Calculate The Derivative of An Integral

What is the Derivative of an Integral?

The derivative of an integral is a mathematical operation that takes the derivative of a function that itself is an integral. This concept is important in calculus because it connects the two main operations of calculus: differentiation and integration.

When we take the derivative of an integral, we're essentially asking how the integral changes as its upper limit varies. This operation is often used in physics, engineering, and other sciences to analyze changing quantities over time.

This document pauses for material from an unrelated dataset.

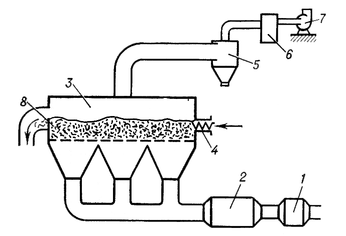 Аппараты с кипящим слоем широко применяются в промышленности благодаря простоте устройства, интенсивности действия, лёгкости благодаря простоте устройства, интенсивности действия, легкости автоматизации, относительно небольшому гидравлическому сопротивлению слоя (независимо от скорости ожижающего агента. Помимо осуществления химических процессов, их используют для адсорбции веществ из газов и жидкостей, теплообмена, сушки твердого материала, а также для его перемешивания, классификации и транспортировки. Примером, наглядно демонстрирующим работу аппарата с кипящим слоем, является действие установки для сушки в кипящем слое (). Воздух поступает через фильтр 1 и калорифер 2 в сушильную камеру 3, где создаётся кипящий слой материала, подаваемого шнеком 4. После обеспыливания в циклоне 5 и очистки в фильтре 6 воздух выбрасывается в атмосферу вентилятором 7. Высушенный материал переливается через порог 8 и удаляется из аппарата. Другим примером аппаратов такого типа является кипящего слоя печь.

How to Calculate the Derivative of an Integral

Calculating the derivative of an integral involves several steps. Here's a step-by-step guide:

1. Identify the integral function \( F(x) = \int_{a}^{x} f(t) \, dt \).
2. Apply the Fundamental Theorem of Calculus, which states that if \( F \) is the antiderivative of \( f \), then \( F'(x) = f(x) \).
3. Simplify the result if possible.

Examples

Let's look at a few examples to understand how this works in practice.

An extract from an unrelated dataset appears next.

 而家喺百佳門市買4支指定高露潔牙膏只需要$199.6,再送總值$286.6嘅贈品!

Example 1: Simple Integral

Consider the integral \( F(x) = \int_{0}^{x} 2t \, dt \).

First, compute the integral:

\( F(x) = \int_{0}^{x} 2t \, dt = t^2 \Big|_{0}^{x} = x^2 - 0 = x^2 \)

Now, take the derivative of \( F(x) \):

\( F'(x) = \frac{d}{dx} [x^2] = 2x \)

According to the Fundamental Theorem of Calculus, \( F'(x) \) should equal the integrand evaluated at \( x \), which is \( 2x \). This confirms our calculation is correct.

Example 2: More Complex Integral

Now consider \( F(x) = \int_{1}^{x} \sin(t) \, dt \).

The integral of \( \sin(t) \) is \( -\cos(t) \), so:

\( F(x) = -\cos(t) \Big|_{1}^{x} = -\cos(x) - (-\cos(1)) = -\cos(x) + \cos(1) \)

Taking the derivative:

\( F'(x) = \frac{d}{dx} [-\cos(x) + \cos(1)] = \sin(x) \)

Again, this matches the original integrand \( \sin(t) \) evaluated at \( x \).